In re Suboxone (Buprenorphine Hydrochloride & Naloxone) Antitrust Litigation
64 F. Supp. 3d 665
E.D. Pa.2014Background
- Direct Purchasers and End Payors allege Reckitt engaged in a product-hopping scheme to maintain Suboxone monopoly as brand-name exclusivity neared its end.
- Reckitt allegedly switched Suboxone from tablets to a film formulation, disparaged the tablet, and removed tablets from the market as generic competition approached.
- Plaintiffs claim Reckitt manipulated REMS and pursued a sham Citizen Petition to delay generic Suboxone approval.
- NDA approvals granted for Suboxone tablets (2002) and Suboxone film (2010); film is non-AB-rated to tablets, enabling a separate market.
- The alleged scheme is said to cause sustained higher prices and reduced competition, violating §2 of the Sherman Act and state consumer protection/unjust enrichment claims.
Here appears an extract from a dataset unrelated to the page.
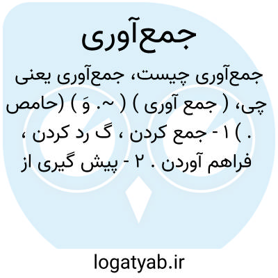 ( جمع آوری ) ( ~. وَ ) (حامص. ) ۱ - جمع کردن، گ رد کردن، فراهم آوردن. ۲ - پیش گیری از انتشار یا گسترش. ۳ - نظم دادن به چیزهای آشفته و در هم بر هم.
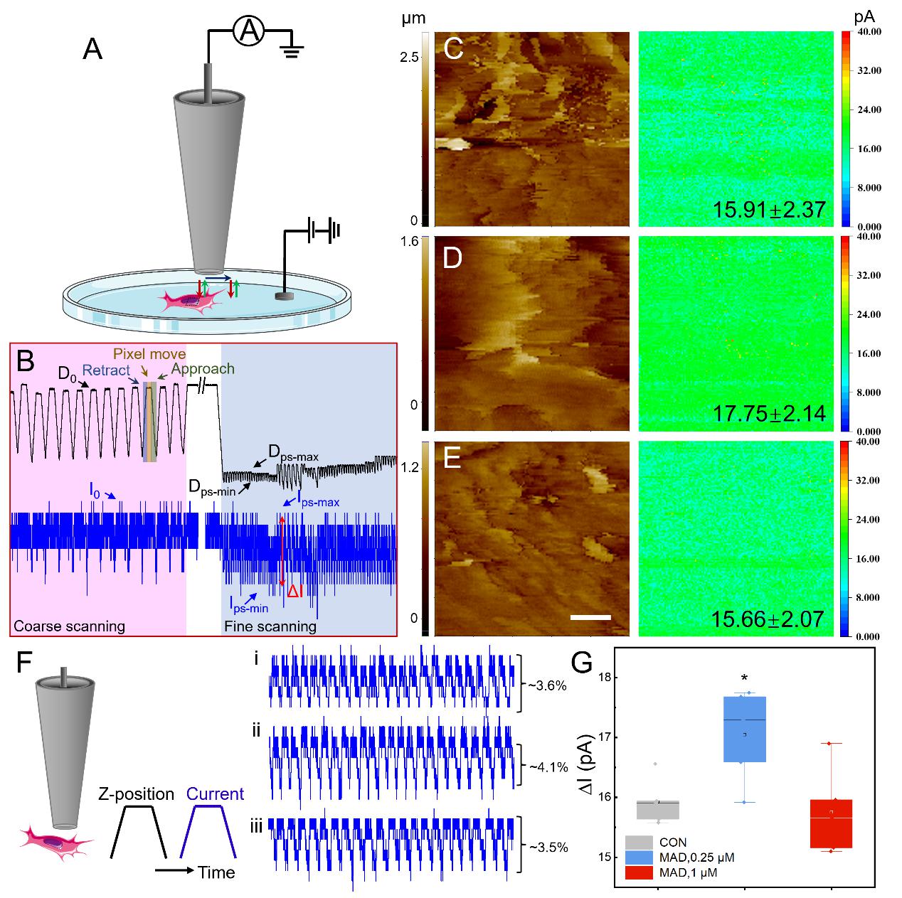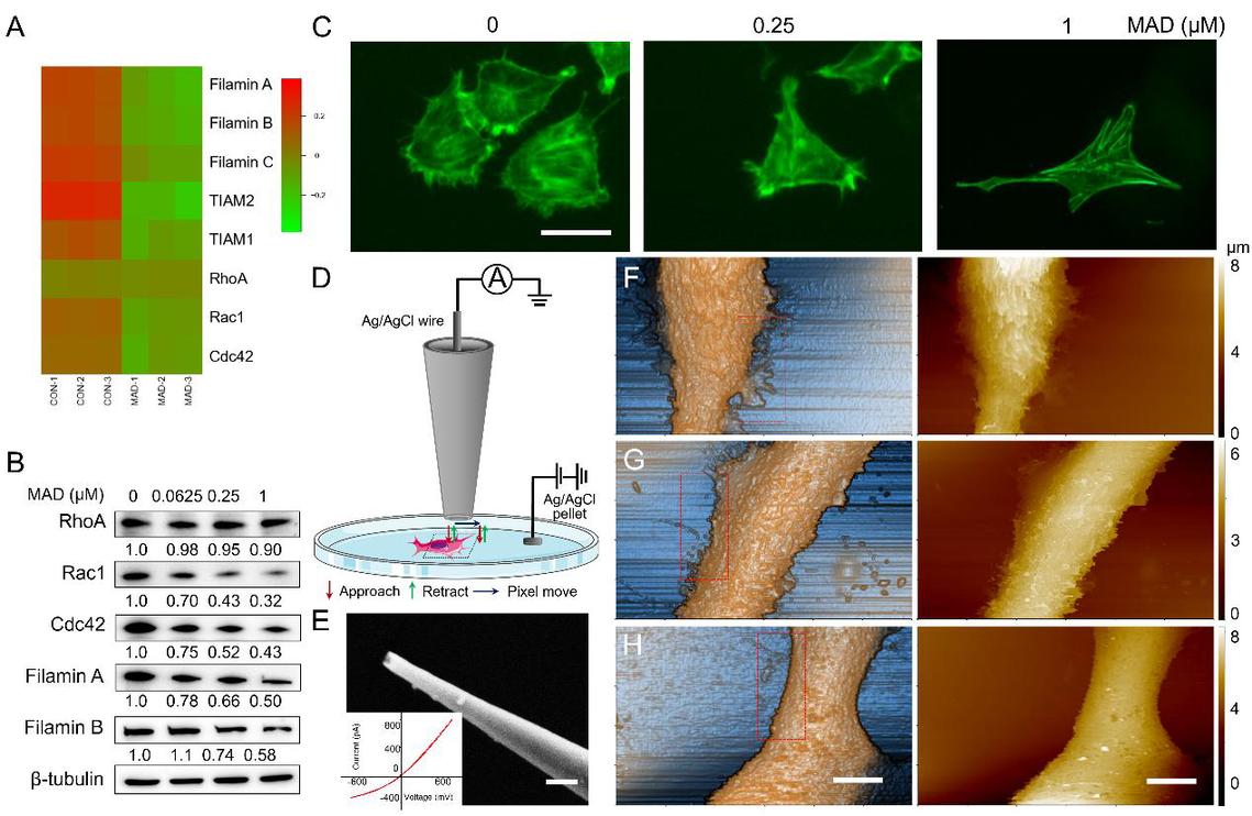 研究表明,MAD能夠顯著抑制三陰性乳腺癌細(xì)胞的遷移和侵襲能力。通過SICM高分辨率成像,團(tuán)隊(duì)觀察到MAD處理后的細(xì)胞表面形態(tài)發(fā)生明顯改變:細(xì)胞面積縮小、膜結(jié)構(gòu)收縮、邊界平滑化,同時(shí)細(xì)胞表面電荷分布也呈現(xiàn)顯著變化。進(jìn)一步研究發(fā)現(xiàn),這種變化與鈣離子通道活性的調(diào)控密切相關(guān),揭示了細(xì)胞電生理特性與腫瘤細(xì)胞行為之間的內(nèi)在聯(lián)系。

- The court analyzes Reckitt’s motions to dismiss the Direct Purchasers’ and End Payors’ complaints under Rule 8(a) and 9(b), applying a context-specific, drug-industry standard for antitrust claim viability.
Issues
| Issue | Plaintiff's Argument | Defendant's Argument | Held |
|---|---|---|---|
| Does product-hopping constitute exclusionary conduct under §2? | Plaintiffs allege exclusionary conduct by introducing a new product to undermine tablet competition. | Reckitt contends new product advances are procompetitive and do not foreclose competition. | Yes—plausible exclusionary conduct given market manipulation. |
| Does Suboxone film introduction and tablet removal injure competition? | Product-hopping and removal together foreclose the cost-efficient generic substitute. | Introduction of a new product is generally procompetitive; injury to competition not shown by film alone. | Plaintiffs plausibly alleged antitrust injury and Count II survives. |
| Does the SSRS/duty-to-deal framework support delaying generic entry under §355-1(f)(8)? | SSRS cooperation should prevent manipulation of the REMS process to delay approvals. | There is no general duty to deal; regulatory structure reduces need for antitrust intervention. | Count III dismissed—no duty to deal under current authority. |
| Are Counts IV–V (sham Citizen Petition and delayed filing) viable? | Petition was objectively baseless and aimed to interfere with competitors; injury shown. | Citizen Petition protections apply; not automatically a sham. | Counts IV–V survive; petition plausibly caused antitrust injury. |
| Do End Payors have standing to assert state-law claims? | End Payors have antitrust standing under AGC factors for states with Illinois Brick repealers. | Standing limited; many state claims should be dismissed for lack of injury in those states. | End Payors have antitrust standing in repealer states; many state-law claims dismissed for lack of standing. |
Key Cases Cited
- United States v. Grinnell Corp., 384 U.S. 563 (1966) (establishes monopoly-power elements and exclusionary conduct standard)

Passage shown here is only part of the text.